Ева взялась за ручку, и дверь подалась. Она распахнула ее, ожидая, что тотчас затренькает колокольчик. Но все было тихо. Тьма и тишина. Оставив за собой открытую дверь, не без опасений, но, успокоив себя мыслью о таксисте, Ева вошла в лавку.
Опять никого…
На нее дохнуло влажной, благоуханной прохладой. Лавка была небольшая. У самого окна на цепи, прикрепленной к низкому потолку, висела накрытая на ночь птичья клетка. Лунный луч полз по полу, освещая призрачное пиршество цветов и отбрасывая на стену тень от похоронной гирлянды.
Она прошла мимо прилавка и кассы, мимо спутанных цветочных запахов, разбавленных сыростью, и наконец заметила желтую полоску света.

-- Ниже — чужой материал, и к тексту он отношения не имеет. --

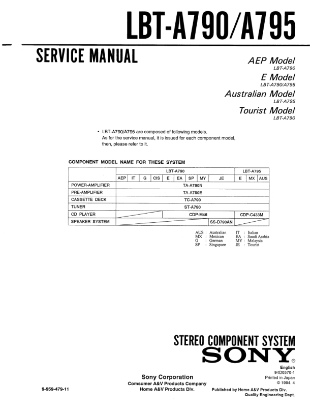 Opis SONY LBT-A790 Instrukcja Serwisowa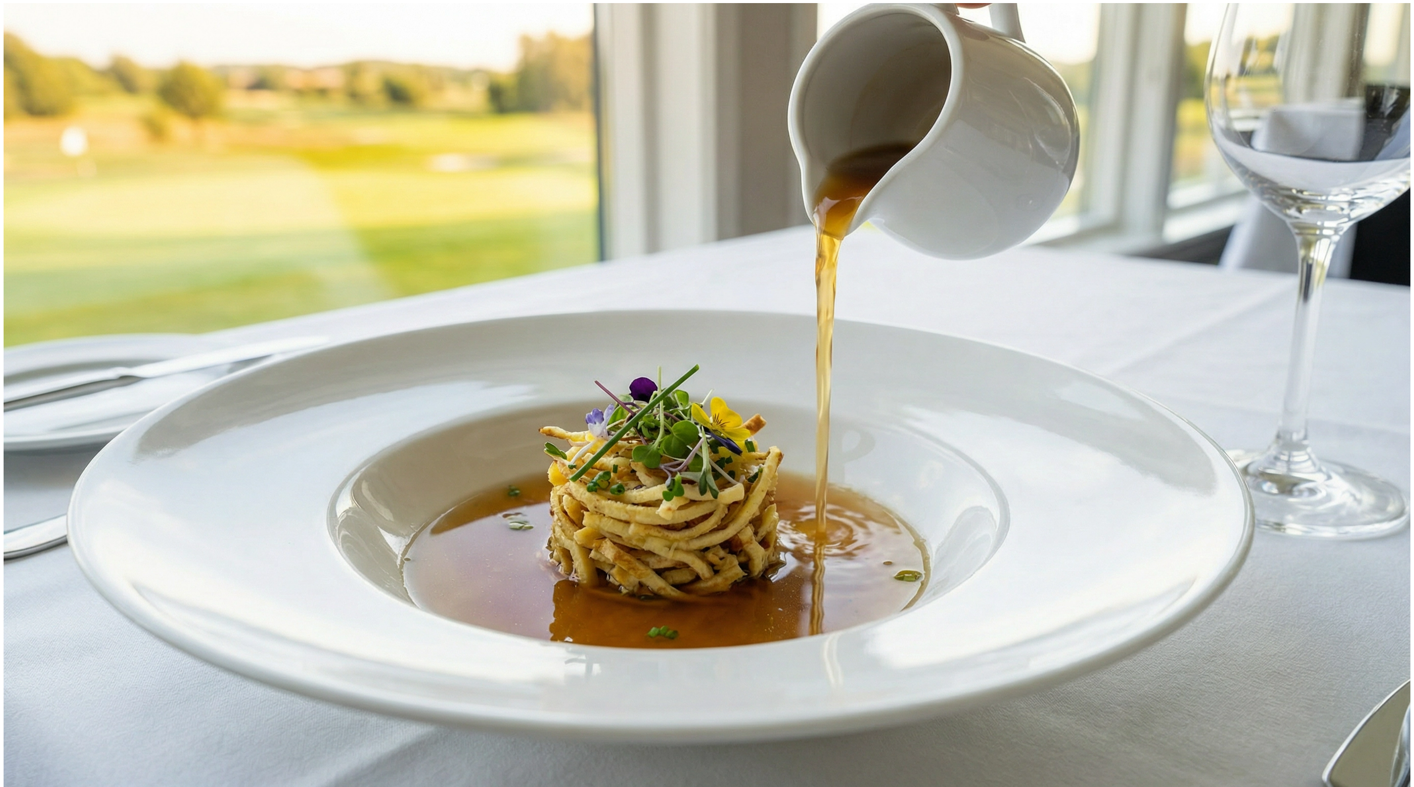 Michael Hoffmann schöpft Inspiration aus seinen bayerischen Wurzeln und interpretiert traditionelle Rezepte auf moderne Weise. Das Ergebnis ist eine raffinierte deutsch-österreichische Küche, die höchsten Wert auf saisonale Produkte aus der Region und Qualität legt. Ob ein leichter Lunch nach der Golfrunde oder ein mehrgängiges Menü zu besonderen Anlässen – freuen Sie sich auf unvergessliche Genussmomente in stilvollem Ambiente mit Blick ins Grüne.

Он выбивался из-под тяжелой портьеры, завесившей дверь в заднюю комнату. И в тот же миг за портьерой прозвенел певучий девичий голос.
– Кто там? – весело спросил голос по-французски.
Ева шагнула вперед и раздвинула портьеру.
Больше всего для открывшейся ее глазам комнаты походило слово «уютная». Она прямо-таки излучала уют. Она была маленькая, и хоть обои на стенах выдавали плачевное отсутствие вкуса, они тоже дышали уютом.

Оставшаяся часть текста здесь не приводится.